The machine hit the highway, hesitated, and began creeping along south at ten klicks an hour.

"Well, let's hope the poor damn thing gets to paint a few road stripes before they shoot it to hell and gone again," Carol said, stacking the lattices in the back of a truck. "What's the deal, dude? I'm busy."

"Carol, what's the weirdest thing you've got around here?"

"What in hell are you talking about?"

"What have you got, that's really strange, only nobody else ever hacks with it?"

"Oh," Carol said. "I get your drift." She grinned. "There's a touch of that in every Trouper. Old-fashioned hacker gadget jones. Toy hunger, right?" Carol looked around the garage, at the scattered tools, the bench mounts, the table vise, an industrial glue sprayer. "You wanna help me pack all this crap? Rudy and Greg are coming later."

"I'd like to," Alex lied, "but I got another assignment."

"Well, I'm gonna be glad to have this thing off my hands, anyhow. You want to play with something, you can play with this bastard." Carol walked to the welding bench and pulled off a long, dusty coil of black cable. It looked like a pneumatic feedline for the welding torch, a big coil of thin black plastic gas pipe. As she caught it up and brought it to him, though, Alex saw that the apparent pipe was actually sleek black braided cord.

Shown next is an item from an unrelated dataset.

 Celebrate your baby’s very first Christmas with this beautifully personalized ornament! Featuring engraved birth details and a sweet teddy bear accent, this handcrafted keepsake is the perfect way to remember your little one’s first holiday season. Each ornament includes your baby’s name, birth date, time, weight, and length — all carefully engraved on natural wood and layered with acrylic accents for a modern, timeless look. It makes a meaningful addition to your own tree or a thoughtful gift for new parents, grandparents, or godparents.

One end of the cord ended in a flat battery unit, with a belt attachment, a small readout screen, and a control glove.

"Ever seen one of these before?"

"Well, I've certainly seen a battery and a control glove," Alex said.

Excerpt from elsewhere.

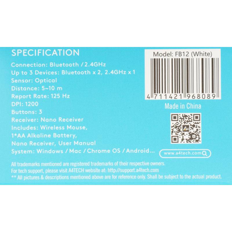 Мышь A4Tech Fstyler FB12 белый оптическая 1200dpi беспров. BT/Radio USB 3but (FB12 WHITE)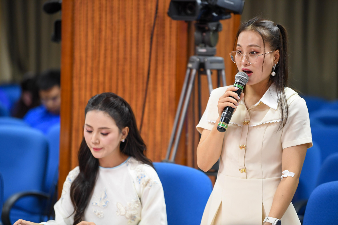 Nghệ sĩ ưu tú Lô Thị Ngọc Thúy - diễn viên Liên đoàn Xiếc Việt Nam, Gương mặt trẻ Việt Nam triển vọng năm 2023 góp ý tại hội nghị.

She handed him the works. "Yeah, that's a damn good battery! Superconductive. You could drive a motorbike with that battery. And here I am, keeping that sucker charged up to no good end-nobody ever uses this damn thing!" She frowned. "Of course, if you work that battery down, kid, you're gonna have to pull some weight to make up for that."

CHAPTER 6

"I'm pulling, I'm pulling," Alex told her. "My people in Matamoros have got that shipment ready, they're just waiting for us to give them the coordinates."

"Standard satellite global-position coordinates?"

"That's what they use, all right," he said. "Just like the Troupe, like the army, just like everybody."

"I can give you those anytime, it's no big secret where we're pitching camp."

"That's good. I'll try and phone 'em in, if I can still get that encrypted line."

'No problema," Carol said, bored. She watched as• Alex hefted the cable, then slid the whole coil of it over his right shoulder. It rested there easily. The cable weighed only a couple of kilos, but it felt bizarrely serpentine and supple, somehow dry and greasy at the same time. It was as thick as his little finger, and maybe twenty meters long. "What is this thing exactly?"